My children frequently ask questions by drawing back their bows of innocence and piercing my heart with the flaming arrows of their insight.  One day my five-year-old had ventured out deep enough in the water to make himself worry.  He was not worrying about drowning, however.  He had far too profound a thought that was weighing heavily on his soul.  His small voice barely sailed to me on the wind.

“Can God hear me from way out here?”

For a moment I imagined how frightening it would be to lose connection with God.  But then I remembered Jonah.

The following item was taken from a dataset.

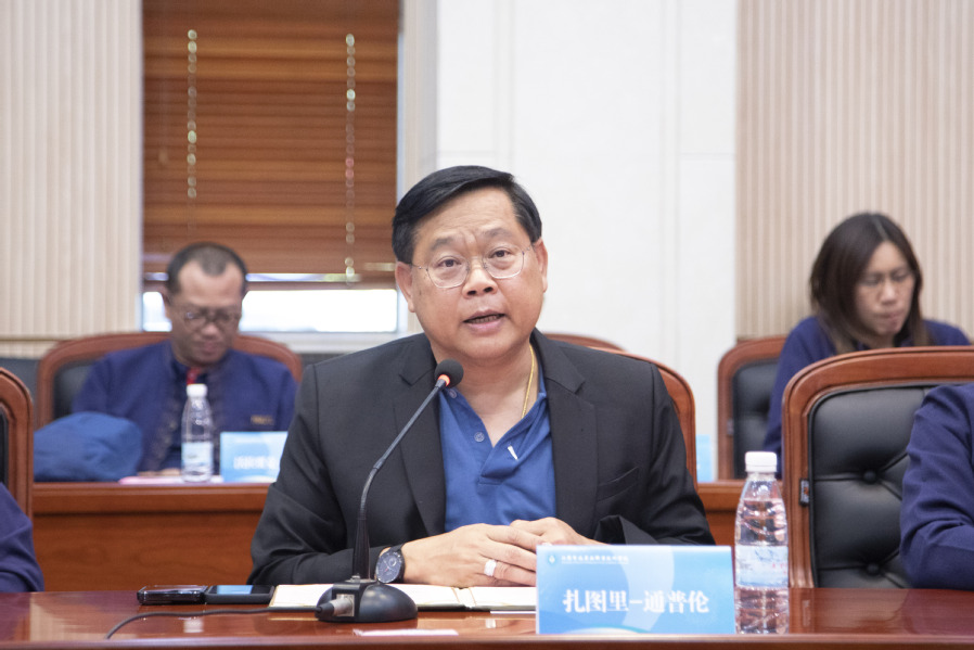 扎图里·通普伦校长代表泰国兰纳皇家理工大学对我校的热情接待表示诚挚的感谢,他现场观看了中药学经世学堂短期培训班学生在我校学习和生活的视频,并再次表达感谢。他表示非常高兴能够支持和推动与我校的合作,使这一项目顺利实施并取得了进展,期待两校在学生交流、专业合作等领域继续深入开展交流与合作。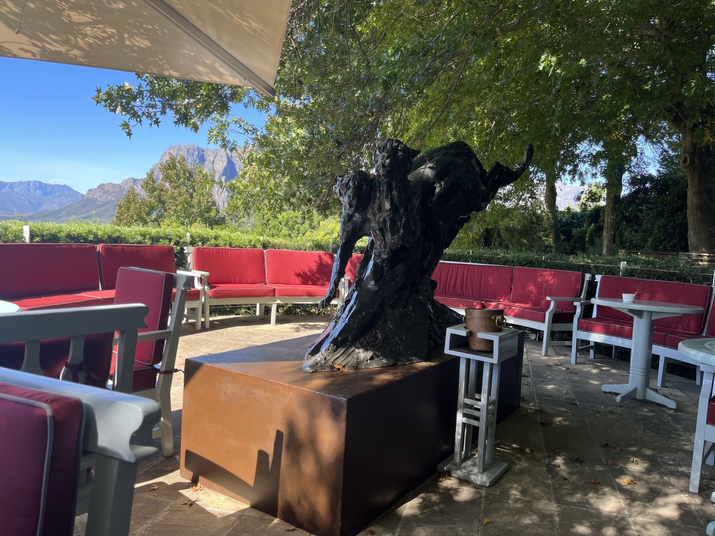 Graffe was the 3rd stop on the tour. Another very modern winery that dabbled in fine food. With a sprawling view of mountains and vineyards, a sleek two leopard statue guarding us, and delicious cuisine, it was quite the lunch. Our venture home was filled with discussion of culture, sports, and our upcoming safari. Charlie had worked in the bush BC (before children) and had us on the edges of our seat.

Jonah had disobeyed God and suffered the consequences by being hurled into the sea and swallowed by a great fish.  Children’s books always show Jonah sitting on the massive tongue of a whale.  This never would have happened, since the fish actually swallowed Jonah. (Plus, the other creatures would have harassed the whale mercilessly for having a pierced tongue.)  That means Jonah would have been in the more unpleasant regions of the fish’s digestive system, if you catch my drift.  No turn-down service or mint under the pillow.

Even without five-star hotel accommodations, Jonah still had a wireless connection to God. 

Jonah 2:1-2

From inside the fish Jonah prayed to the LORD his God.  He said:

“In my distress I called to the LORD, and he answered me.”

I can’t get my cell phone to work in the back of the grocery store, but God heard Jonah from the innards of a giant fish. Talk about impressive coverage. 

After Jonah’s fervent prayer, God commanded the fish to vomit Jonah onto dry land. What a ride; one that I have yet to see at a water park.  Even on my worst day, I have never had to be rescued by body surfing a whale’s lunch. I’m sure Jonah would have preferred a helicopter replete with Navy Seals, but a rescue was accomplished nonetheless. 

Can God hear us, even from the depths of the sea?  Yes, He can hear us from the ocean, the tunnel, and even the frozen food section of the supermarket.  He can always hear us, even from the belly of a fish.